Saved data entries

'''

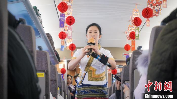 “元宵佳节喜相逢,祝愿旅客朋友们皆得所愿……”列车驶出银川站后不久,“喜迎元宵灯谜会”在主持人的祝福声中活动缓缓拉开帷幕。长笛、葫芦丝演奏,让旅客感受到民族乐器的独特魅力。
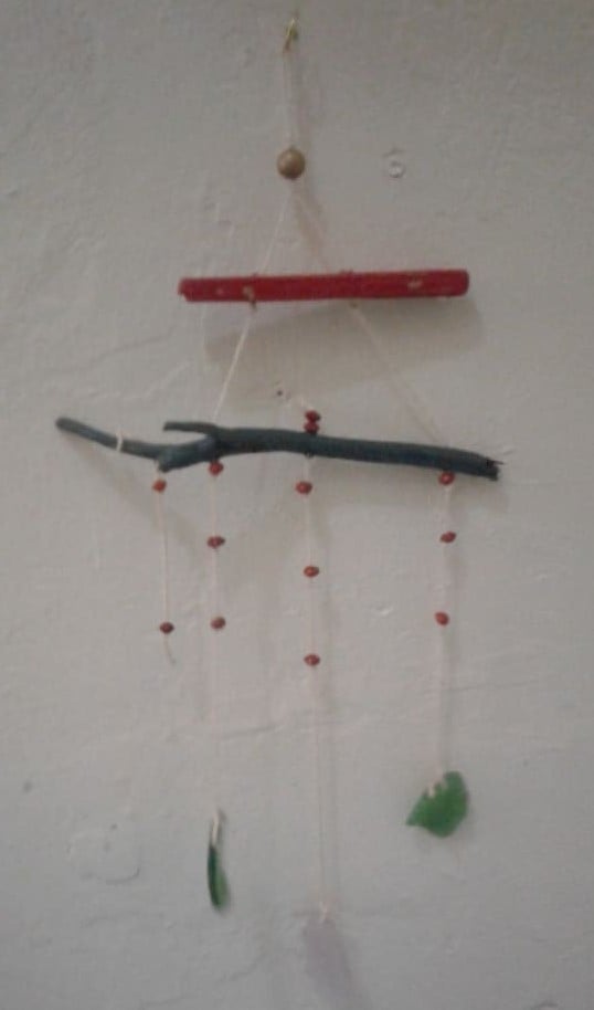 This product is made out of driftwood, coconut shells, thin rope, and natural red seeds. There is also an option utilizing sea glass. You can choose to have the words Peace, Love, and Joy painted in English on one side and Haitian Creole on the other side, or you can choose to leave it blank.
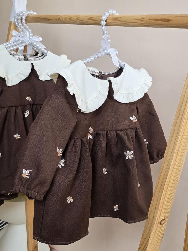 ) 🔹Неймовірна стильна сукня для маленьких модниць. 🔹Насичений шоколадний колір, з милим принтом. 🔹 Матеріал - мікро-вельвет, на рукавчиках резинки, застібка ззаду - гудзики. ЗАМІРИ: ▪️9-12 - довжина 41 ширина 26 рукав 26 ▪️12-18 - довжина 45 ширина 27 рукав 28 ▪️18-24 - довжина 50 ширина 29 рукав 30 ▪️2-3 - довжина 53 ширина 30 рукав 33 📌рукав від плеча!!! 📌ширина - під рукавами (напівобхват грудей) фото та відео реал (туфельки також в наявності)
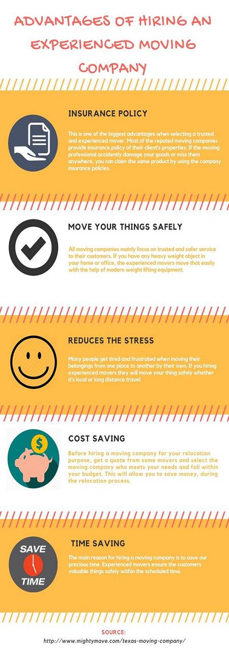 Relocating your home or office completely within a day is not an easy task. You need proper preparations and pack your things before shifting from one place to another place. Moving your bulky home or office objects is a difficult process. So obviously you need an experienced moving company help when shift your office or household things. If you hire reputed movers for your relocation you will get many advantages. In this blog we discuss about some of the advantages of hiring an experienced moving company.For more details,visit at http://www.mightymove.com/texas-moving-company/
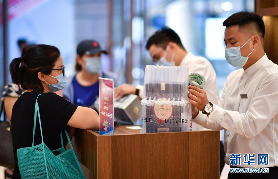 7月1日,??谌赵聫V場免稅店的工作人員為顧客打包酒類商品。當(dāng)日,海南開始實施調(diào)整后的離島免稅購物政策。海南離島旅客每年每人免稅購物額度提高至10萬元,電子消費(fèi)產(chǎn)品等7類新增商品開售。新華社記者郭程攝

'''

*Your instructions*
Set down the entries again without change. Leave the pictures out.

*Solution to the exercise*
 “元宵佳节喜相逢,祝愿旅客朋友们皆得所愿……”列车驶出银川站后不久,“喜迎元宵灯谜会”在主持人的祝福声中活动缓缓拉开帷幕。长笛、葫芦丝演奏,让旅客感受到民族乐器的独特魅力。
 This product is made out of driftwood, coconut shells, thin rope, and natural red seeds. There is also an option utilizing sea glass. You can choose to have the words Peace, Love, and Joy painted in English on one side and Haitian Creole on the other side, or you can choose to leave it blank.
 ) 🔹Неймовірна стильна сукня для маленьких модниць. 🔹Насичений шоколадний колір, з милим принтом. 🔹 Матеріал - мікро-вельвет, на рукавчиках резинки, застібка ззаду - гудзики. ЗАМІРИ: ▪️9-12 - довжина 41 ширина 26 рукав 26 ▪️12-18 - довжина 45 ширина 27 рукав 28 ▪️18-24 - довжина 50 ширина 29 рукав 30 ▪️2-3 - довжина 53 ширина 30 рукав 33 📌рукав від плеча!!! 📌ширина - під рукавами (напівобхват грудей) фото та відео реал (туфельки також в наявності)
 Relocating your home or office completely within a day is not an easy task. You need proper preparations and pack your things before shifting from one place to another place. Moving your bulky home or office objects is a difficult process. So obviously you need an experienced moving company help when shift your office or household things. If you hire reputed movers for your relocation you will get many advantages. In this blog we discuss about some of the advantages of hiring an experienced moving company.For more details,visit at http://www.mightymove.com/texas-moving-company/
 7月1日,??谌赵聫V場免稅店的工作人員為顧客打包酒類商品。當(dāng)日,海南開始實施調(diào)整后的離島免稅購物政策。海南離島旅客每年每人免稅購物額度提高至10萬元,電子消費(fèi)產(chǎn)品等7類新增商品開售。新華社記者郭程攝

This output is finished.